Right-click the highlighted area, and choose “Copy.” Close Excel or leave the program open if you choose. Click “No” if Excel prompts you to save upon exiting.

Open Outlook. Click the “Contacts” option followed by “New Contact Group” on the ribbon, which opens the “Untitled – Contact Group” window.

Click the “Add Members” button on the ribbon. Choose “From Outlook Contacts,” even though you’ll be adding copied addresses from Excel. The “Select Members” window opens.

Right-click into the “Members” field at the bottom of the small window. Choose “Paste.” Your Excel group data pastes in. Note that if you copied an entire column or row, your header, such as “Emails,” will also paste in. Scroll through the text in the “Members” field and erase any headers, which will cause an error when Outlook actually tries to email the distribution list.

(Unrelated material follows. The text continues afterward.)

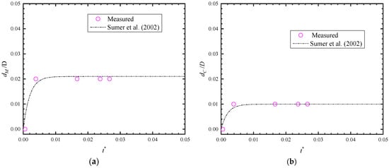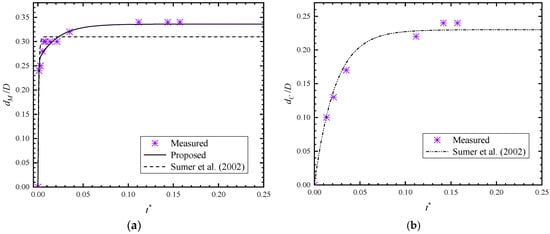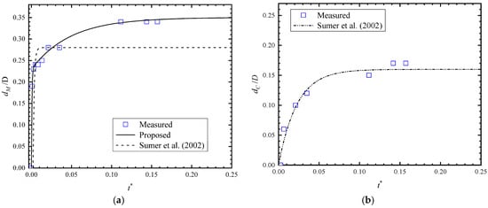 Similar to local scouring of the vertical piles in unsubmerged cases, the scour depth evolutions curves in Figure 3a,b appear to be asymptotic. To predict the scour depths over time, exponential functions were adopted, as described in the following section.

Click “OK” to close the “Select Members” window and return to the “Contact Group” window.

Click into the “Name” field. Type a name for the people from the Excel list, such as “Hot Customer Prospects to Call.”

Click “Save & Close” to close the “Contact Group” window and return to Outlook.

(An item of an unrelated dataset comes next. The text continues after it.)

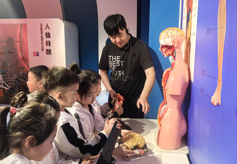 在人体器官构造展区,科技馆讲解员以“人体探秘” 为主题,带领孩子们开启了一场微观世界的奇妙之旅。借助 3D 人体解剖模型,孩子们看到了人体内部精密的构造。“心脏就像一个永不停歇的水泵,每天跳动约 10 万次,为全身输送血液。” 生动的比喻让抽象的知识变得通俗易懂。

Click the “New E-mail” button on the ribbon. Click the “To” button, scroll to the Excel group name -- in this case, “Hot Customer Prospects to Call” -- and double-click it. You may also just start typing the group name into the “To” field, and Outlook will auto-populate it for you. Add a subject line and message, and then send the message to your group.

Tips

This is the most direct way to make a distribution list out of data you have in Excel because you’re able to specifically target only the data you want included when you highlight it. If your Excel spreadsheet contains solely contact information, and not additional details such as finances, you may also take advantage of Outlook’s import feature. Click the “File” option and then choose “Open.” Click the “Import” option on the main page, choose “Import from another program or file,” click “Next,” choose “Excel,” browse to the file and import your contacts.

Warnings

These instructions apply to the 2013 and 2010 versions of Outlook and Excel. Earlier or later versions of the software may have several differences.